(Stored entries)
--- START ---

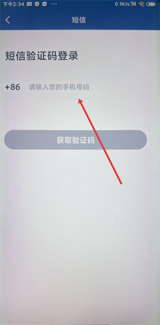 3、在登录页面,输入已注册的手机号码,点击获取验证码填写,即可完成短信登录操作。
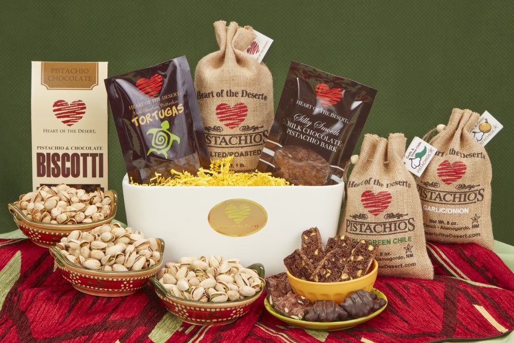 This beautiful basket embraces all that the farm has to offer. There are plenty of delicious treats to share with family and friends. Our White Gold basket brings the best of a bountiful harvest to your table. The White Gold Basket Contains: 1 lb Salted & Roasted Pistachios in Burlap ½ lb Garlic & Green Chile Flavored Pistachios in Burlap ½ lb Garlic & Onion Flavored Pistachios in Burlap 4 oz Pistachio Chocolate Biscotti 3 oz Dark Chocolate Pistachio Tortugas 3 oz Milk Chocolate Pistachio Bark
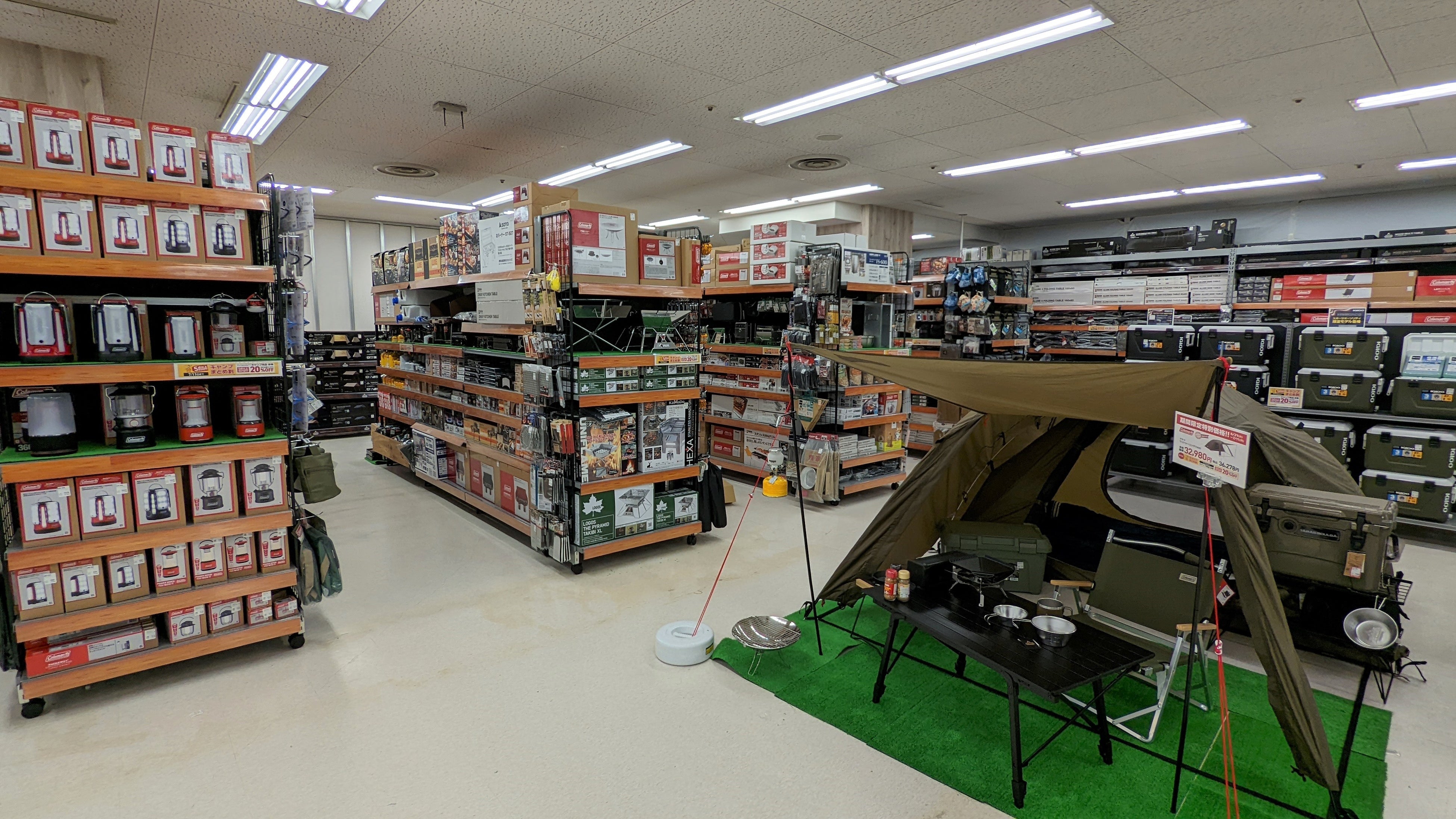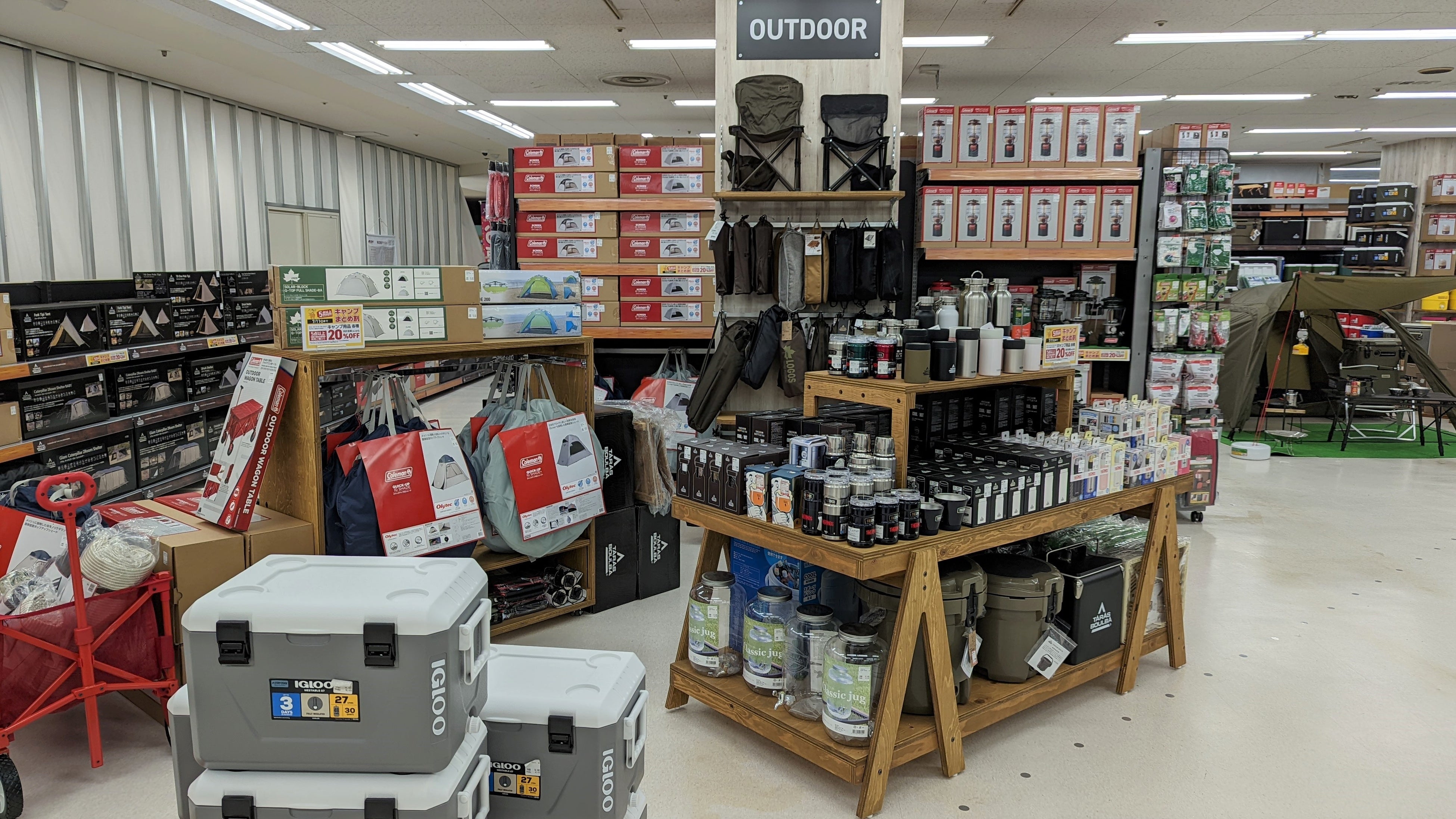 このたびの移転リニューアルで、展開スペースを拡大したアウトドアコーナーでは、テント、テーブル、チェアの展示を行い、お客さまが疑似体験できるスペースを充分に確保いたしました。
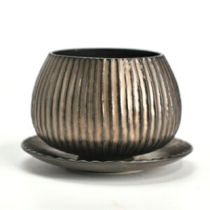 メーカー:かみ山陶器品番:2314-14おしゃれな信楽焼の植木鉢!信楽焼 植木鉢 ソリひねり金彩 6.5号特徴●山野草や多肉などにピッタリな信楽焼の植木鉢です。●シンプルに山野草を植え付けても良し、多肉・サボテンを植えて和風仕立
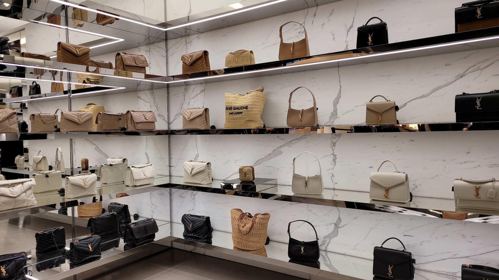Saint Laurent provides a welcoming and friendly atmosphere with attentive staff. The sales associates are professional, helpful, and patient, offering outstanding expertise without making customers feel rushed. They show multiple options and are genuinely friendly, ensuring a great shopping experience where purchases exceed expectations. The store also offers excellent repair services, with staff going above and beyond to resolve issues, including exchanging items. The displays and collection are loved by customers. Overall, the service is wonderful and the team provides amazing, hospitable care, making it a store customers plan to return to.
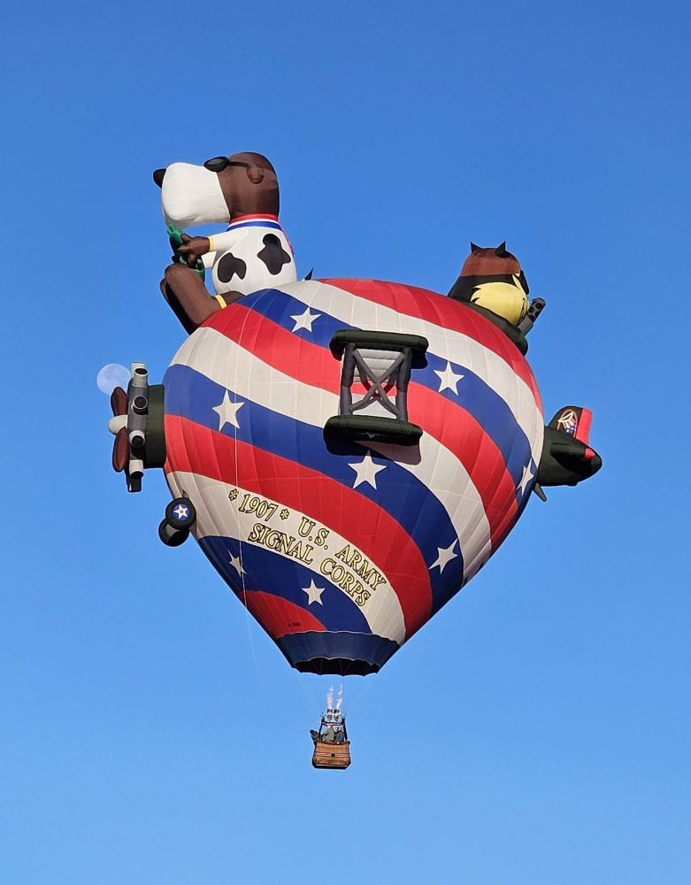 Saturday was our day to spend at the BalloonFest. We were up early to be able to see the first balloons go up at about 7:30. There were about 25 balloons in the morning flight and there was a competition to see which pilot could drop their streamers closest to the center mark. Later in the day there was a mass ascension of balloons and later still there was an evening glow. It was a day of great fun. We particularly enjoyed the special shape balloons.
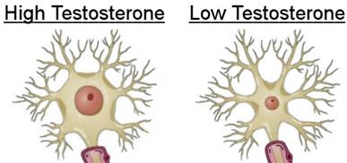 The adult female develops the ability to use large amounts of information in the process of divergence. The adult female pays attention to specific information that is presented sequentially (i.e. over time), as represented by the pink nodes lined up horizontally. The adult female barely pays attention to general information, as represented in blue. As I mentioned, testosterone and estrogen can cause the neurons to become sexually-dimorphic. As more estrogen enters one’s brain, the thoughts become more “divergent”, “feminine”, or “womanly”. As more testosterone enters one’s brain, the thoughts become more “convergent”, “masculine”, or “manly”. This claim is (kind of) supported by studies on rats. When testosterone was injected in rats, the soma grew bigger. Again, the soma, a.k.a. cell body, is the area between the dendrites and the nucleus of a neuron. The way I interpret this result is that the dendrites became capable of putting more information together and this manifests itself as an enlarged soma. In another study, rats were castrated and thus no longer able to produce testosterone. Their neurons had smaller soma than neurons of normal rats. These studies can be summarized by the following picture:
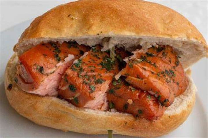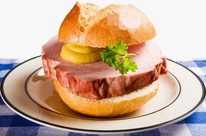 Leberkassemmel is a classic Bavarian and Austrian sandwich. It includes a thick slice of leberkase, which is ground meat that has been baked into a meatloaf. It is placed on half a bread roll along with mustard and pickles.
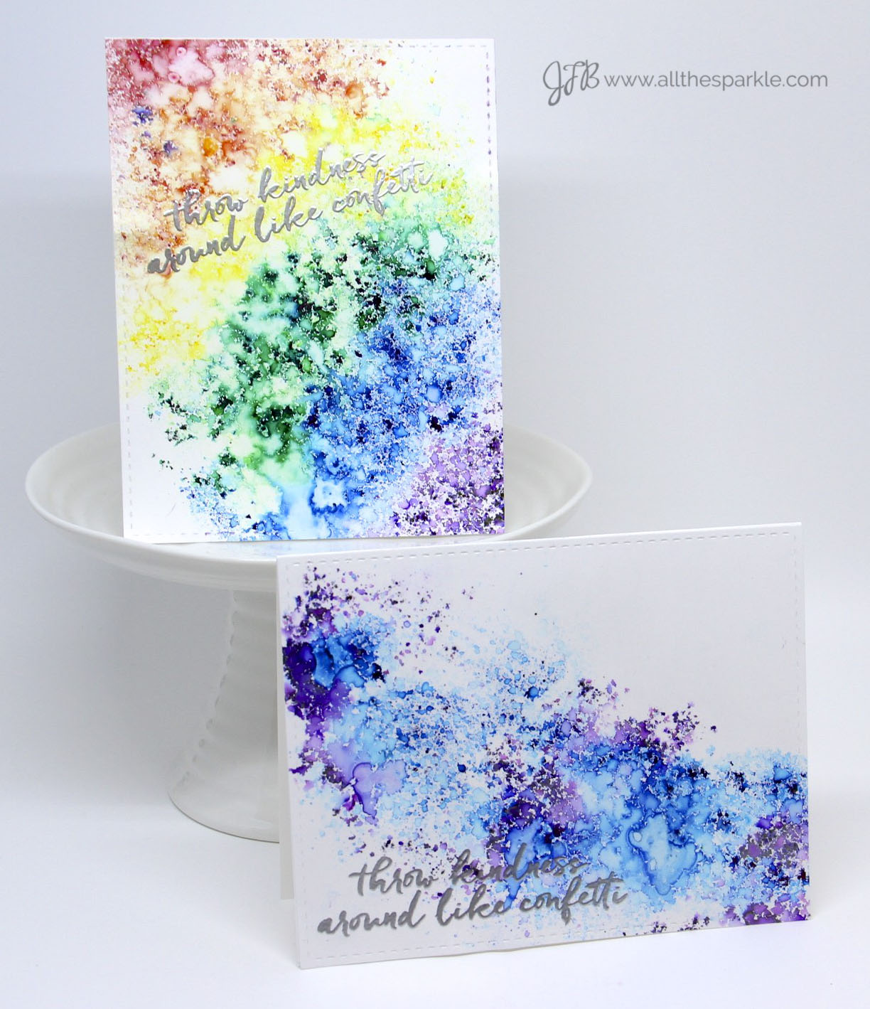 First of all…Congratulations on becoming a CLC Design Team member. And these cards are gorgeous and so colorful…you make splattering paint so pretty.
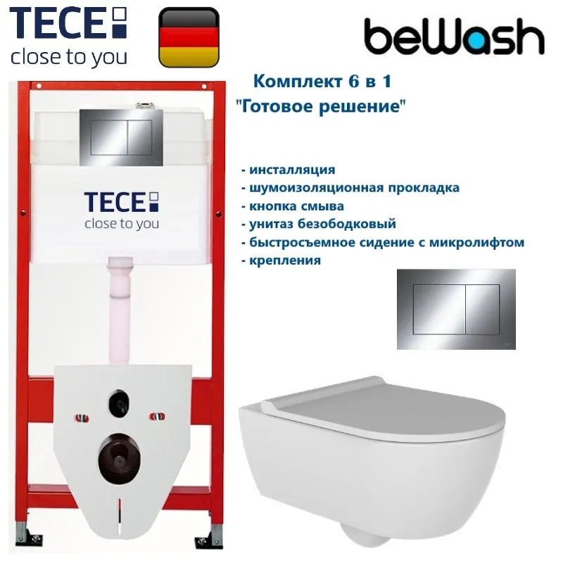 Комплект для монтажа подвесного унитаза: инсталляция TECE, 9400412: стальная рама с порошковым напылением, межосевое расстояние под крепеж. шпильки: 18 см; смывной бачок (резервуар воды объемом 9 литров, объем смыва 3/6 литра), нагрузка 400 кг, кнопка смыва хром. Гарантия 10 лет; BeWash Melville Унитаз подвесной безобод со скрытым крепл с гигиенич покрытием в компл с тонким сиденьем микролифт HRKA052N3VP0W5SZ0+VTMU11W5W5HSZ, сиденье дюропласт: микролифт, быстросъемное. Все крепежи для установки в комплекте. Гарантия 10 лет.

--- END ---

Work to be completed ▸ Every line above should be output exactly, except for the pictures.

Reply to the task ▸
 3、在登录页面,输入已注册的手机号码,点击获取验证码填写,即可完成短信登录操作。
 This beautiful basket embraces all that the farm has to offer. There are plenty of delicious treats to share with family and friends. Our White Gold basket brings the best of a bountiful harvest to your table. The White Gold Basket Contains: 1 lb Salted & Roasted Pistachios in Burlap ½ lb Garlic & Green Chile Flavored Pistachios in Burlap ½ lb Garlic & Onion Flavored Pistachios in Burlap 4 oz Pistachio Chocolate Biscotti 3 oz Dark Chocolate Pistachio Tortugas 3 oz Milk Chocolate Pistachio Bark
 このたびの移転リニューアルで、展開スペースを拡大したアウトドアコーナーでは、テント、テーブル、チェアの展示を行い、お客さまが疑似体験できるスペースを充分に確保いたしました。
 メーカー:かみ山陶器品番:2314-14おしゃれな信楽焼の植木鉢!信楽焼 植木鉢 ソリひねり金彩 6.5号特徴●山野草や多肉などにピッタリな信楽焼の植木鉢です。●シンプルに山野草を植え付けても良し、多肉・サボテンを植えて和風仕立
Saint Laurent provides a welcoming and friendly atmosphere with attentive staff. The sales associates are professional, helpful, and patient, offering outstanding expertise without making customers feel rushed. They show multiple options and are genuinely friendly, ensuring a great shopping experience where purchases exceed expectations. The store also offers excellent repair services, with staff going above and beyond to resolve issues, including exchanging items. The displays and collection are loved by customers. Overall, the service is wonderful and the team provides amazing, hospitable care, making it a store customers plan to return to.
 Saturday was our day to spend at the BalloonFest. We were up early to be able to see the first balloons go up at about 7:30. There were about 25 balloons in the morning flight and there was a competition to see which pilot could drop their streamers closest to the center mark. Later in the day there was a mass ascension of balloons and later still there was an evening glow. It was a day of great fun. We particularly enjoyed the special shape balloons.
 The adult female develops the ability to use large amounts of information in the process of divergence. The adult female pays attention to specific information that is presented sequentially (i.e. over time), as represented by the pink nodes lined up horizontally. The adult female barely pays attention to general information, as represented in blue. As I mentioned, testosterone and estrogen can cause the neurons to become sexually-dimorphic. As more estrogen enters one’s brain, the thoughts become more “divergent”, “feminine”, or “womanly”. As more testosterone enters one’s brain, the thoughts become more “convergent”, “masculine”, or “manly”. This claim is (kind of) supported by studies on rats. When testosterone was injected in rats, the soma grew bigger. Again, the soma, a.k.a. cell body, is the area between the dendrites and the nucleus of a neuron. The way I interpret this result is that the dendrites became capable of putting more information together and this manifests itself as an enlarged soma. In another study, rats were castrated and thus no longer able to produce testosterone. Their neurons had smaller soma than neurons of normal rats. These studies can be summarized by the following picture:
 Leberkassemmel is a classic Bavarian and Austrian sandwich. It includes a thick slice of leberkase, which is ground meat that has been baked into a meatloaf. It is placed on half a bread roll along with mustard and pickles.
 First of all…Congratulations on becoming a CLC Design Team member. And these cards are gorgeous and so colorful…you make splattering paint so pretty.
 Комплект для монтажа подвесного унитаза: инсталляция TECE, 9400412: стальная рама с порошковым напылением, межосевое расстояние под крепеж. шпильки: 18 см; смывной бачок (резервуар воды объемом 9 литров, объем смыва 3/6 литра), нагрузка 400 кг, кнопка смыва хром. Гарантия 10 лет; BeWash Melville Унитаз подвесной безобод со скрытым крепл с гигиенич покрытием в компл с тонким сиденьем микролифт HRKA052N3VP0W5SZ0+VTMU11W5W5HSZ, сиденье дюропласт: микролифт, быстросъемное. Все крепежи для установки в комплекте. Гарантия 10 лет.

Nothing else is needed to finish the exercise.